As David put it in his piece:
(David also said precisely what needs saying about the only slightly less disappointing decision to limit the length of the Oscar ceremony to three hours by handing out “smaller” awards during commercial breaks and then showing edited versions of the acceptance speeches.)
But I’d like to suggest another downside to the new award that, while slightly more nebulous, could prove more pernicious still: its effect not on Academy voters, but on filmmakers themselves. Here’s the thing: The director of an animated movie knows he or she is making an animated movie. Likewise, the director of a foreign-language film or a documentary. The categories aren’t fungible in any meaningful sense. But whatever benchmark the Academy sets for a “popular film”—it hasn’t yet announced its criteria—it will be eminently fungible and, by definition, determined by audience response as much as directorial intent.
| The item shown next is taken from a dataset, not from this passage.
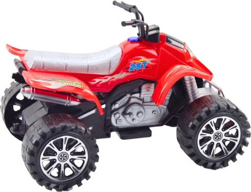 Découvrez un plaisir sans limites avec le quad tout-terrain rouge pour enfants. Grâce au mécanisme à inertie, il suffit de tirer le véhicule vers l’arrière et de le lâcher – le quad part aussitôt vers l’avant. Son design sportif aux détails soignés et sa conception robuste en font le jouet idéal pour le jardin, l’aire de jeux ou la chambre d’enfant.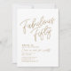 Convite de aniversário de 50 anos personalizado branco e dourado "Fabuloso Cinquenta" com tipografia moderna e sofisticada. Personalize facilmente com nome, idade e detalhes da festa.

To put it another way: Christopher Nolan never asked himself, “Should I do Dunkirk as an animated movie in order to increase my odds of winning an Oscar?” Get Out ’s Jordan Peele never wondered whether he might be better positioned if he filmed his movie in French. But in the future, directors with movies such as theirs, which straddle the Best Film and Popular Film categories, will face just such decisions. If I’m a long shot for Best Picture, maybe I should just dumb my movie down a little and aim for best popular film? There will be all kinds of new cinematic arithmetic in play. Which is worth more? A bit more highbrow critical praise or an extra $40 million at the box office? Is it more important that a movie be really good or really popular?
These sorts of calculations exist already, of course. But the Academy’s new award will turbo-charge them. And that’s to say nothing of the incentives that will emerge once the Academy announces its criteria for what makes a movie “popular.” Say it’s a threshold, as David suggests, of $100 million at the box office. Is the Academy really going to bar a movie that makes $98 million? $96 million? Will studios launch frantic last-minute PR campaigns to get their films over whatever arbitrary threshold the Academy sets? Stranger still, if a studio has what it believes to be a strong Best Picture contender, will it pull the PR plug early—or even remove the movie from theaters—to prevent it from potentially being ghettoized as a “popular” film? We have already seen plenty of occasions in which studios have lobbied to put “lead” acting performances into the “supporting” category, and vice versa, to improve their odds. This new trophy invites exactly the same kind of venue-shopping for “best” and “popular” Oscars.
I’m not saying that all of these sorts of machinations will take place. But none strikes me as particularly improbable. And they seem like precisely the kind of unintended consequences that arise from poorly thought out, short-term responses to problems—in this case, the Academy’s perceived aversion to money-making films—that don’t actually exist.
The “popular film” category will almost certainly prove to be a mistake—and one that will probably be self-evident as soon as next year’s voting gets underway. I’d put the over-under on how long the category lasts, at least without significant revision, at three years.